Members of Sydney’s Muslim community say Pauline Hanson should put her offensive views aside and meet them to share a meal.

Up to a million visitors are expected to show up at a popular night market in Lakemba in south-western Sydney for the month of Ramadan, where dozens of stalls serve everything from camel burgers to sugarcane juice.

But the first day of the holy month has been tinged with sadness and frustration after a threatening letter was sent to Lakemba Mosque – the third it has received in a month.

It echoed Senator Hanson’s widely-condemned comments days earlier that there were “no good Muslims” and that she felt “unsafe” and not welcomed in the area.

Born and bred in Lakemba, construction worker Mohammed – who asked that his full name not be used – extended an invite to the controversial politician.

“We want Pauline Hanson to come down here, break our fast and eat with us and see how we are,” he told AAP on the steps of the mosque with his young son in tow.

“It’s a multicultural place … come in and we’ll show you around.”

The 35-year-old noted the threats would not deter him from going to pray and seeking spiritual solace in the next few weeks, when Muslims globally fast from sunrise to sunset. 

“Those who made a threat, we can help them and guide them. It’s not going to (stop us coming) to the mosque anymore or scare us.”

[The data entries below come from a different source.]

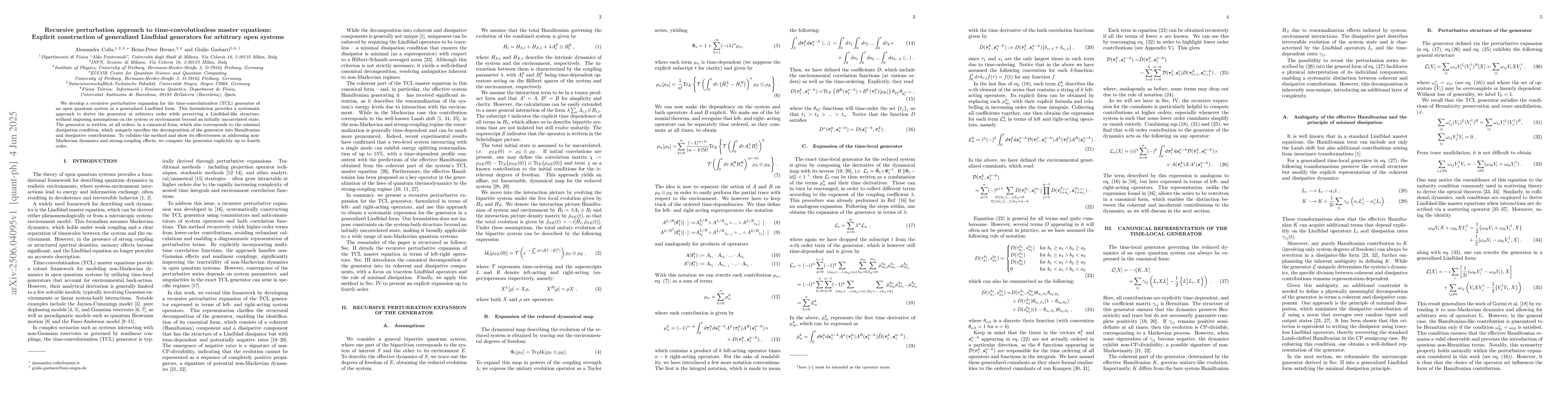 This research introduces a recursive perturbation method to systematically derive time-convolutionless master equations for open quantum systems in a generalized Lindblad form. The approach preserves Lindblad-like structure without strict assumptions on the system or environment, enabling the examination of non-Markovian dynamics and strong-coupling effects up to the fourth order.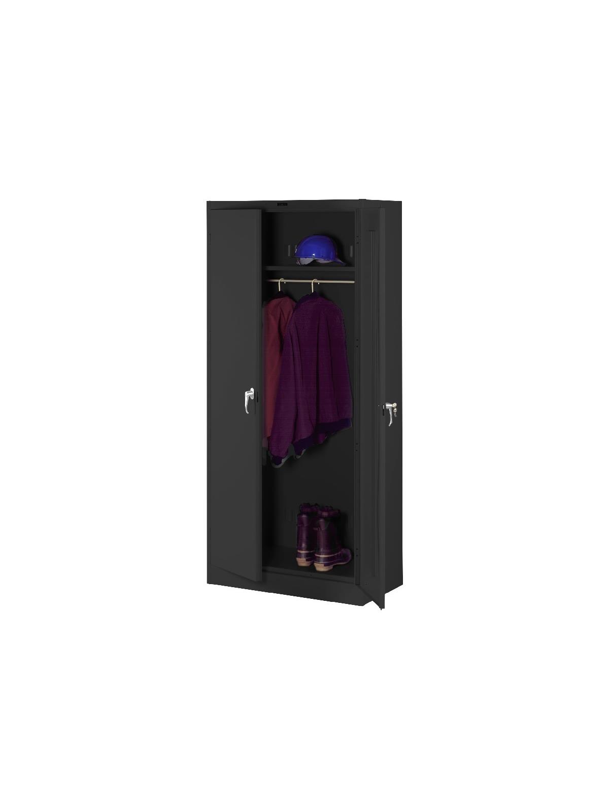 Knuckle hinges on each door insure the integrity of the cabinet and the alignment of the doors. Doors are reinforced for strength and quietness. Handle on right-hand door activates a 3-point system for added security; dummy handle on left-hand door. Shelves are adjustable in 2" increments on built-in shelf tabs. Shelves will hold up to 200 lbs. evenly distributed. Two front leveling glides compensate for uneven floors. Louvered back panel allows air circulation in the cabinet. Available in four models--storage, wardrobe, combination, and counter high cabinets. Available in Black, Champagne/Putty, Sand, Light Gray and Medium Gray. FOB Shipping Point.
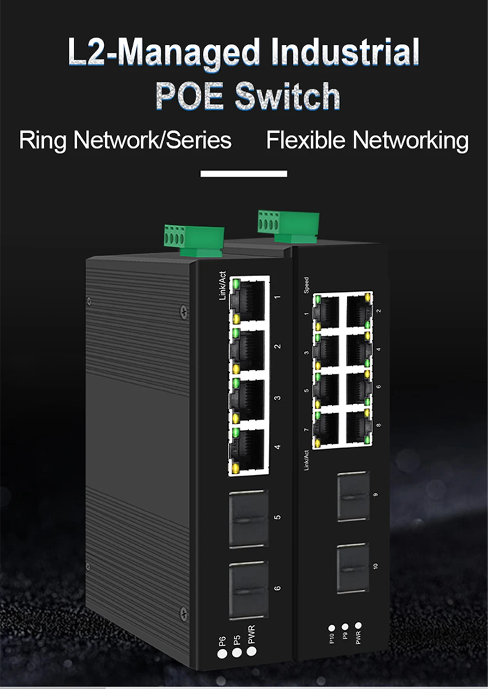 Comprar Conmutador PoE antiindustrial, 4/8 puertos, 10/100/1000Mbps + 2 ranuras SFP gigabits, carril Din, estándar ip40, iee802.3af/at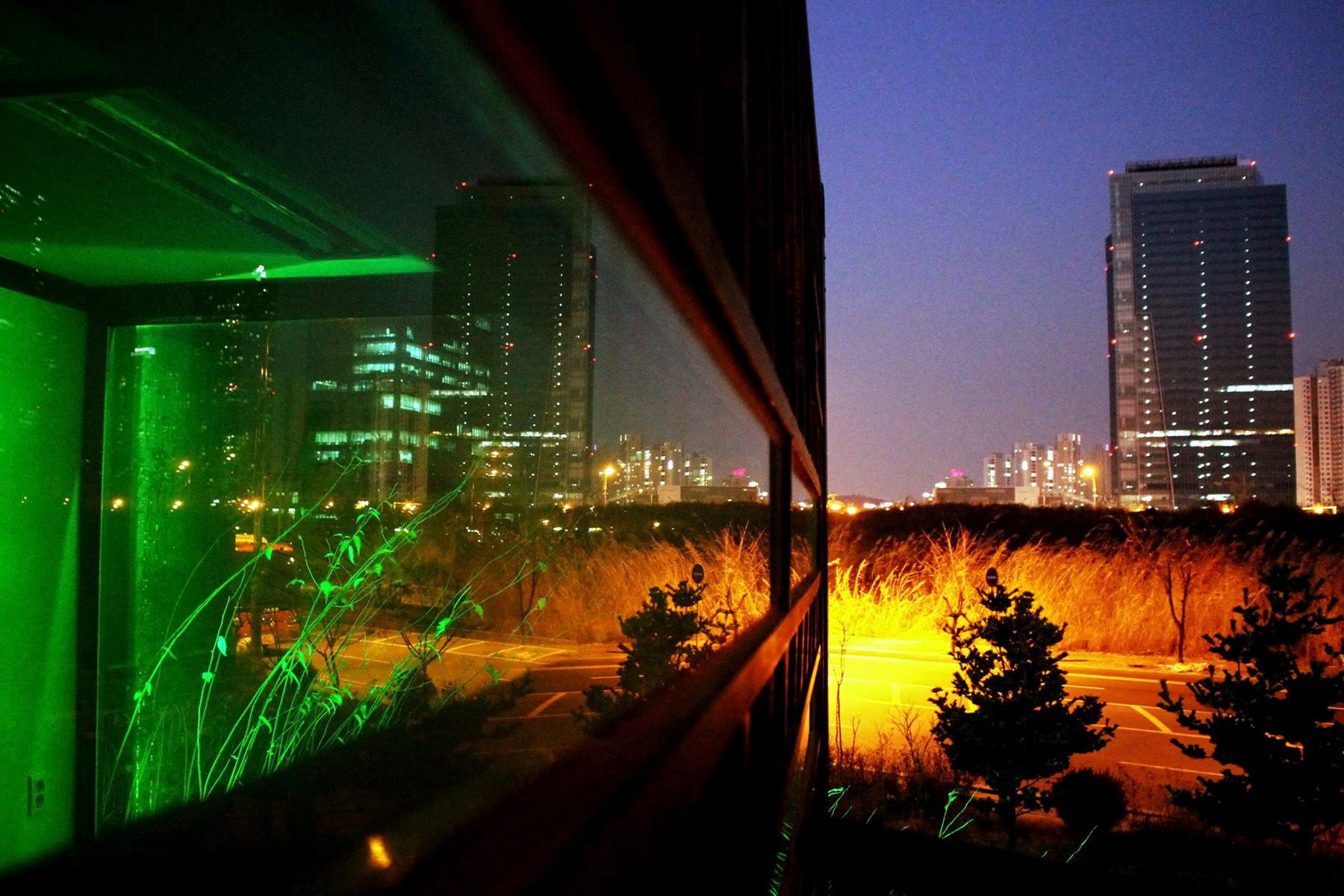 서해바다에 어둠이 내리면 인천대교 전망대 오션스코프에도 알록달록 조명들이 불을 밝힙니다.
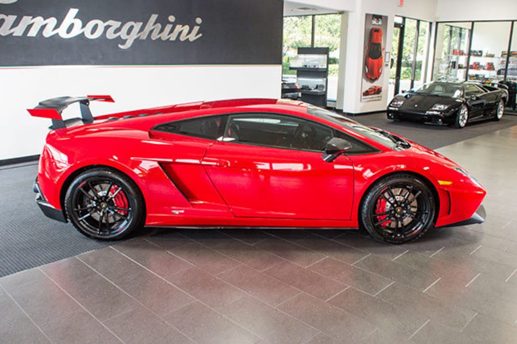 This is a smoke free carfax certified 2013 Lamborghini Gallardo Super-Trofeo Stradale Cpe equipped with a 5.2L 570HP V10 engine with a 6-speed E-Gear (paddle shift & auto) transmission and AWD. This car is finished in a RARE Rosso Mars (Red) exterior color with Black and Red Alcantara interior along with Carbon Fiber trim throughout.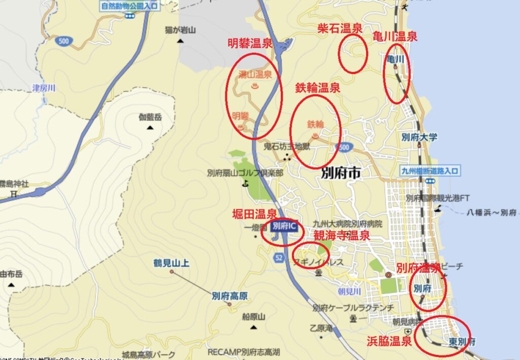 - 観海寺温泉 :杉乃井ホテルなどがある高台のエリア

Worshippers inside Lakemba Mosque
Worshippers inside Sydney’s Lakemba Mosque while fasting during Ramadan. (Flavio Brancaleone/AAP PHOTOS)

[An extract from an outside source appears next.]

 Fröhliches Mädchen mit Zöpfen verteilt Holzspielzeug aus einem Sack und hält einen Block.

Sharing in a communal breaking of the fast at the mosque after a long hot day, Mahadi Hasan said he felt at home in the suburb observing his first Ramadan away from his family in Bangladesh.

“I came to Australia because it’s one of the most peaceful countries in the world and we Muslims also love peace,” he said.

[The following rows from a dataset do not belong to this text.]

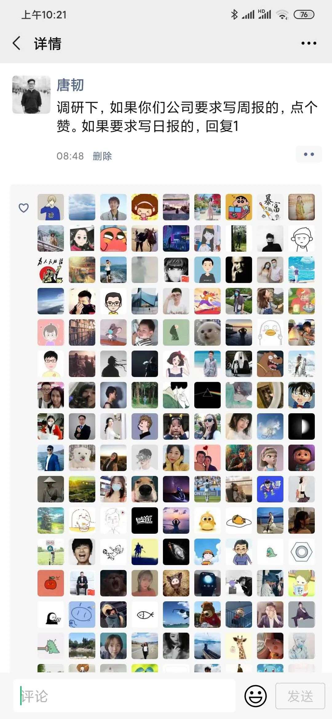 早上我在两个微信分别发了个朋友圈,想调研下圈里要求写周报以及日报的大概是个什么比例。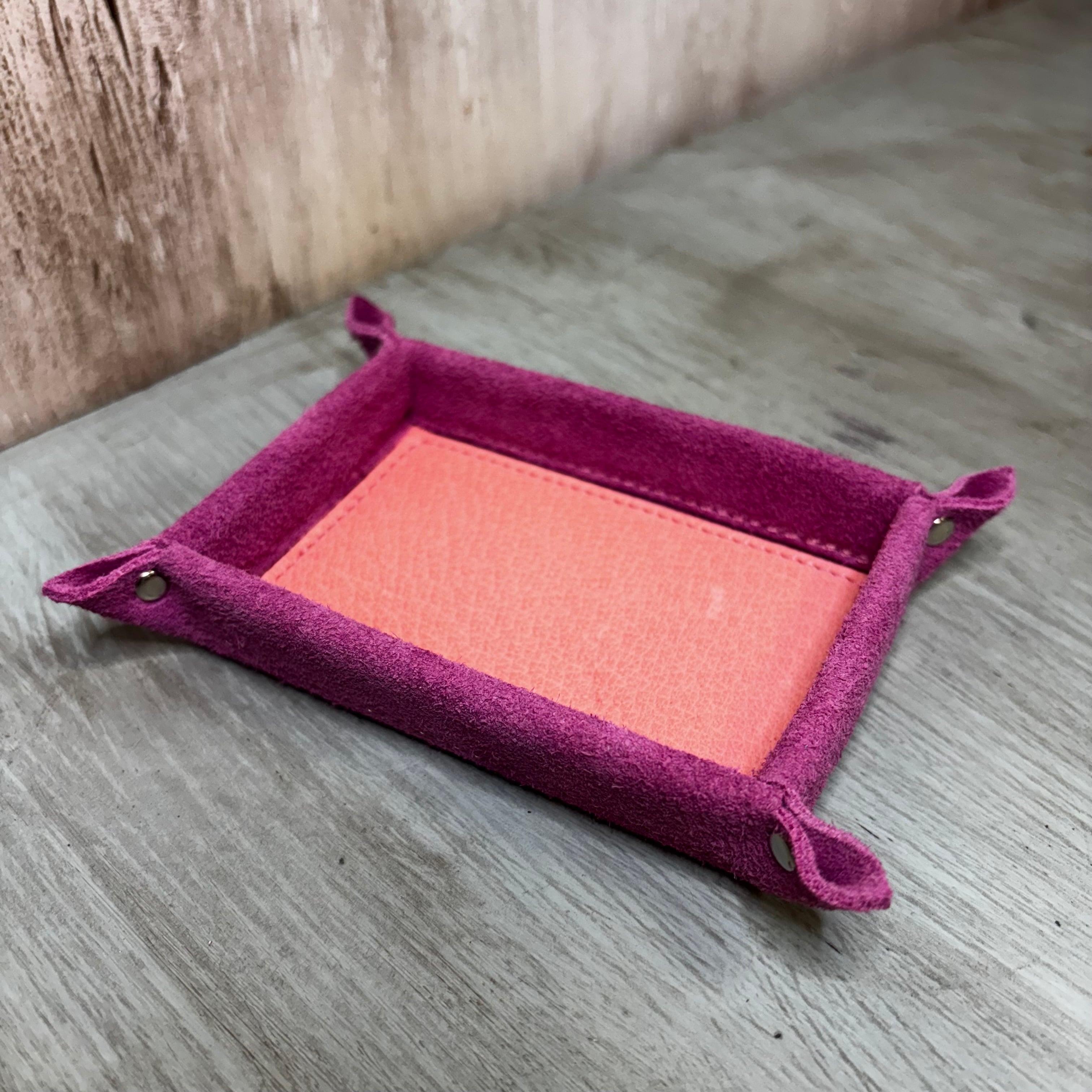制作終了SALE 本革カードトレイ スエード & ベロア ピンク 名刺やショップカード 小物入れに 多用途トレイ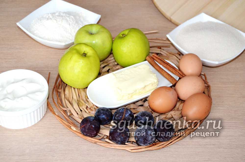 Сливы для пирогов можно использовать любого сорта. Если косточка не хочет отделяться, то ее всегда можно обрезать ножом либо срезать кусочками мякоть. Желательно не закладывать в пирог очень сочные и перезрелые сливы, которые выделять много жидкости при термической обработке. Яблоки же можно брать абсолютно любые. Фрукты нарезают кусочками такой формы и размера, которая указана в рецептуре.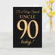 A chic 90th Birthday Card for a 'Very Special Uncle', with a number 90 composed of gold-effect numbers and the word 'Uncle', in gold-effect, on a black background. The inside message, which you can change if you wish, is 'Happy Birthday'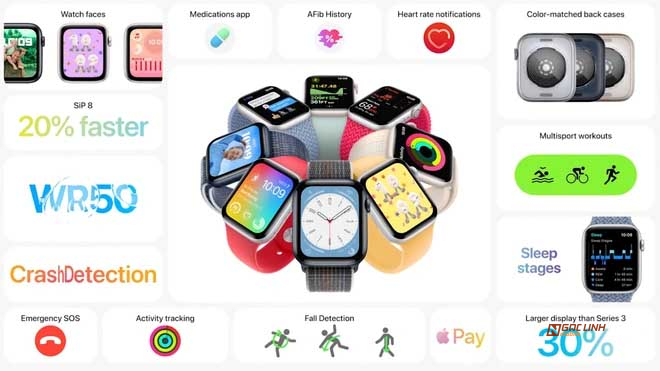 Sản phẩm tiếp theo được giới thiệu là Apple Watch SE. Phiên bản đầu tiên của dòng SE được giới thiệu từ 2020. Phiên bản mới tiếp tục duy trì những tính năng cốt lõi. Vốn đã xuất hiện trên dòng đồng hồ thông minh đến từ Apple. Thiết bị có màn hình lớn hơn 30% Apple Watch Series 3 và nhanh hơn 20%. Với 3 phiên bản màu sắc, Apple Watch SE mới có giá khởi điểm từ 299 USD.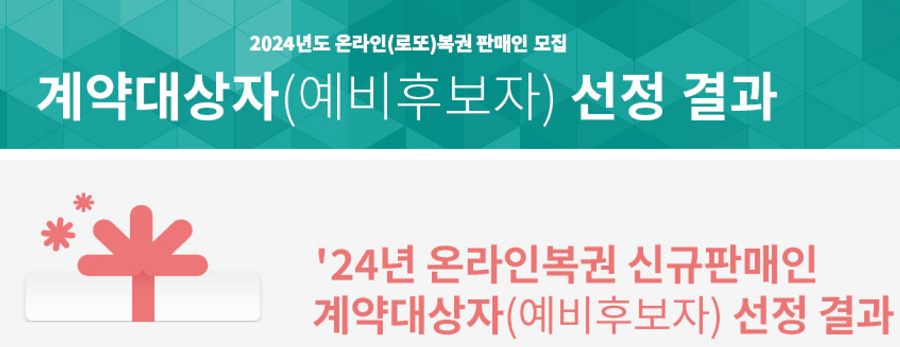 2024년 온라인(로또)복권 판매인 모집 ‘계약대상자(예비후보자 포함) 선정‘ 결과가 발표되었습니다.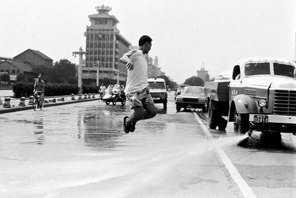 1984年,西安新城广场,戏水一跃。赵利文/摄。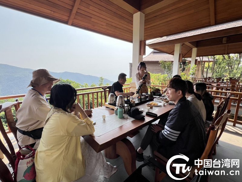 在沧源佤族自治县的荣康达茶叶基地,采访团一行逛游茶园,了解该基地及临沧茶产业的发展。这是台湾青年和自媒体博主围坐品茶、拍摄。(中国台湾网记者 刘琳 摄)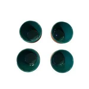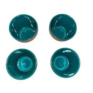 1996 Hearthstone set of 4 clay bread bakers designed for baking and serving individual loaves. Glazed interior with terracotta exterior for a rustic presentation. Perfect for entertaining, dinner parties, or farmhouse-style kitchen decor.

The 24-year-old student said he was “very concerned” with the rising rhetoric targeting Muslims in Australia, including the latest threat to the Lakemba Mosque.

Featuring a cartoon pig, the letter made calls to kill or deport Muslims and referenced an Australian convicted terrorist who killed 51 Muslims in Christchurch in 2019.

A vendor prepares grilled meat skewers in Sydney
A vendor prepares grilled meat skewers in Sydney as Muslims end their fast. (Flavio Brancaleone/AAP PHOTOS)

The unsigned letter delivered to the mosque also contained a direct death threat levelled against Josh Lees, the prominent organiser of the Palestine Action Group, with the words “Praise Israel” atop.

He said politicians had fanned the flames of Islamophobia by denigrating supporters of the Palestinian cause, against a backdrop of more than 70,000 people being killed in Gaza over the last two years.

“There is a clear link between media and politicians’ consistent attacks on the Palestinian movement and the vicious rise in disgusting Islamophobia,” he told reporters.